Hacker News: arestor

New comment by arestor in "Cloudflare Reverse Proxies Are Dumping Uninitialized Memory"

arestor — Fri, 24 Feb 2017 00:54:12 +0000

It's still UB. The array could potentially be at the end of the address space...

New comment by arestor in "Cloudflare Reverse Proxies Are Dumping Uninitialized Memory"

arestor — Fri, 24 Feb 2017 00:23:32 +0000

See https://news.ycombinator.com/item?id=13719437

New comment by arestor in "Cloudflare Reverse Proxies Are Dumping Uninitialized Memory"

arestor — Fri, 24 Feb 2017 00:22:45 +0000

Some features had a bug which lead to uninitialized memory (AKA previous memory contents) in the output of a malformed HTML page was requested.

As one such server handles many sites, everything that the server handled before that request may be compromised.
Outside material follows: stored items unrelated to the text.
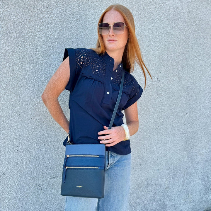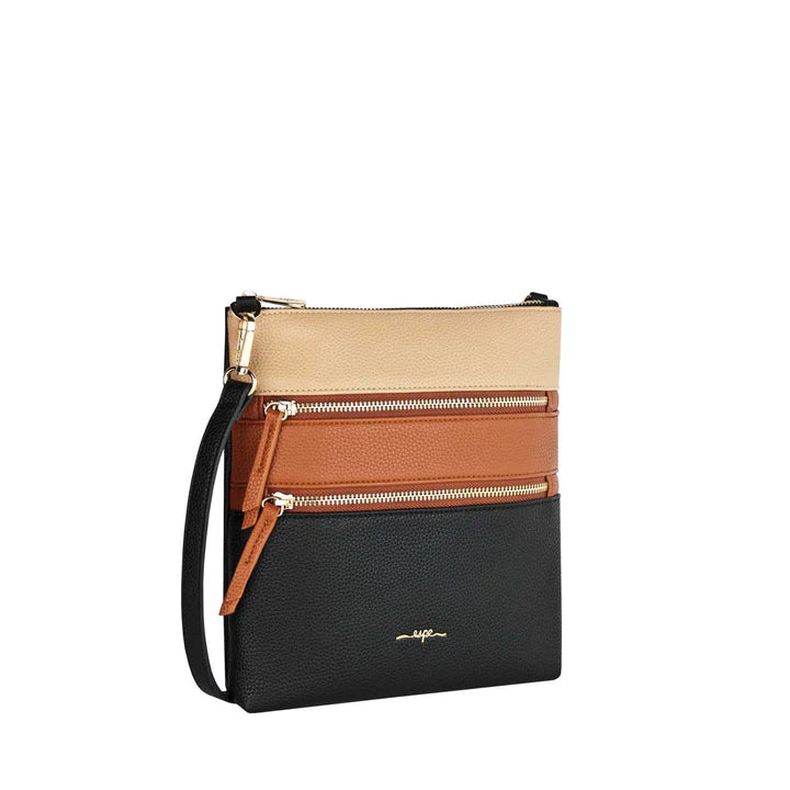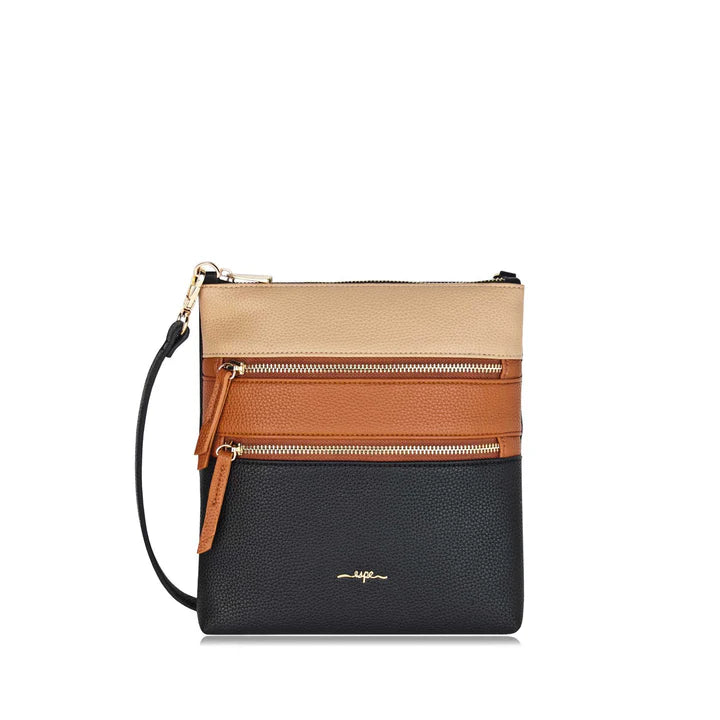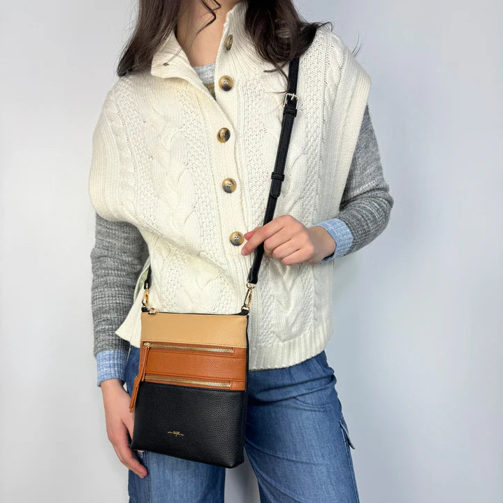 The Jenn is a medium size cross body bag perfect to store all your necessities with multiple compartments for organization. The Jenn is stylish and made from soft pebbled vegan leather. The triple tone look brings some fun to your wardrobe.
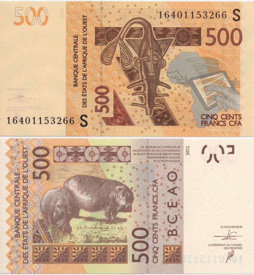 Местный идол. Бегемоты. Банкноты Западноафриканского валютного союза с буквой "S", означающей Гвинею-Бисау
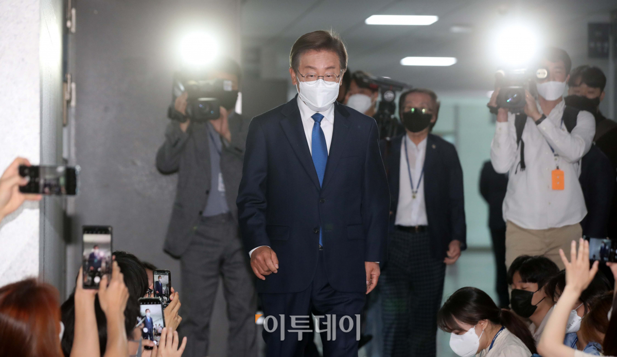 이재명 더불어민주당 국회의원이 7일 오전 서울 여의도 국회 의원회관 내 의원실로 첫 등원을 하고 있다.

This includes all HTTP-GET/POST data (credentials, direct messages to other users, ...), Headers (API tokens, Login-Cookies) and contents.

So, you have to assume that everything you did on a CF "protected" website in the last months (especially between 2017-02-13 and 2017-02-17) is potentially compromised.

New comment by arestor in "Cloudflare Reverse Proxies Are Dumping Uninitialized Memory"

arestor — Fri, 24 Feb 2017 00:16:11 +0000

It's C. If you have an array, you may only compare to one element behind the last. Everything else is undefined behavior. So a compiler may just "optimize" your >= to ==.